Our objective was to uncover the efficiency and capability of Lunar, identifying potential bottlenecks or areas for improvement in its capacity to handle substantial workloads.

Benchmark Results

The results demonstrate the requests per second achieved by Lunar in each scenario, providing insights into its performance characteristics. With multiple requests ranging from 32 to 256, and capacity limits from 1 to 8 cores, we observed a clear correlation between these factors and the resulting requests per second.
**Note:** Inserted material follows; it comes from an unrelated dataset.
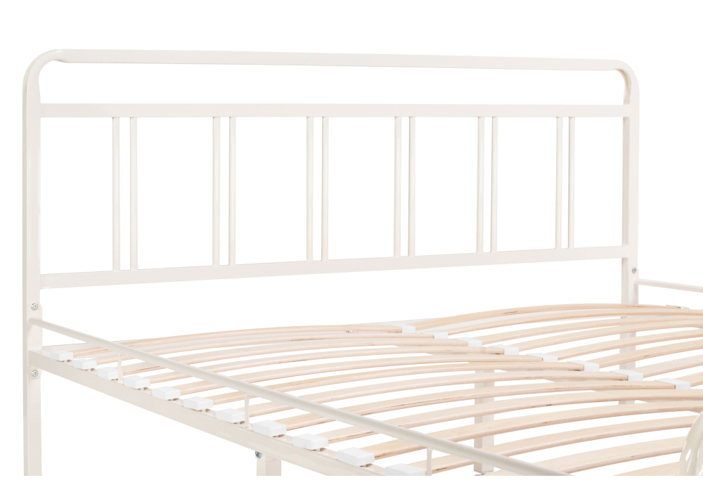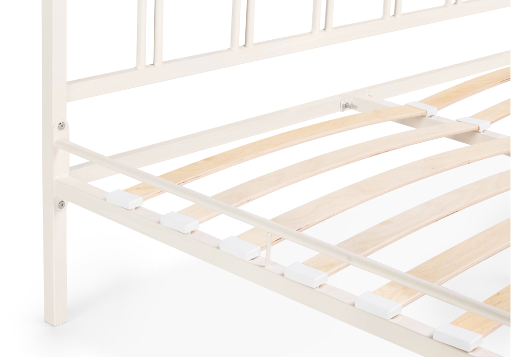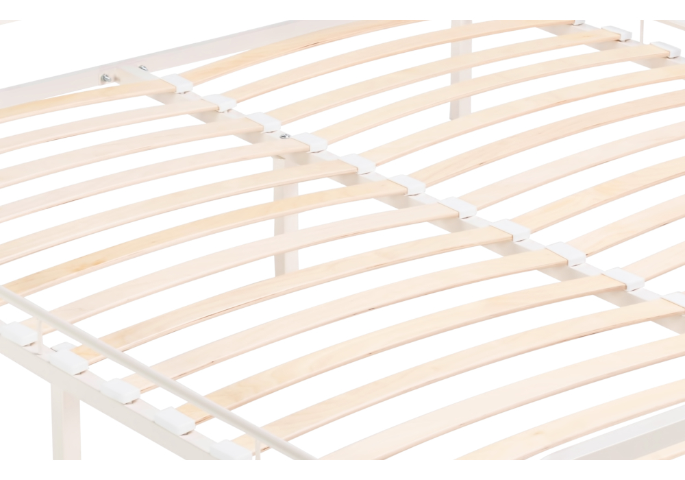 Материал каркаса - Металл; Материал ножек - Металл; Ортопедическое основание - в комплекте; Материал ортопедического основания - с деревянными ламелями; Цвет каркаса - Белый; Цвет ножек - Белый; Ширина - 162; Глубина - 205; Высота - 90; Размер спального места - 160 х 200; Длина кровати - 205; Ширина кровати - 162; Высота изножья - 46; Высота изголовья - 90;

These findings contribute to a deeper understanding of Lunar's performance and can assist in optimizing its configuration for enhanced capacity and throughput.

ConcurrencyCapacity Limit (Cores)Number of RequestsRequests per Second
3212,500,0009,050.42
6425,000,00016,550.48
128410,000,00035,896.17
256820,000,00084,867.79

In this table, the columns represents the following:

  • Concurrency: The number of multiple requests made at a time (concurrency).
  • Capacity Limit (Cores): The specified limit on the number of cores for Lunar's capacity.
  • Number of Requests: The total number of requests performed in the benchmark.
  • Requests per Second: The average number of requests processed per second Lunar's Proxy can handle.

Summary

Through extensive benchmarking, Lunar demonstrates impressive results. It adds only a small latency footprint to response times, around 4ms at the 99th percentile. The capacity benchmark shows that Lunar efficiently handles substantial workloads, achieving up to 84,867 requests per second. These outstanding results validate Lunar's effectiveness in minimizing latency and ensuring optimal performance in API interactions.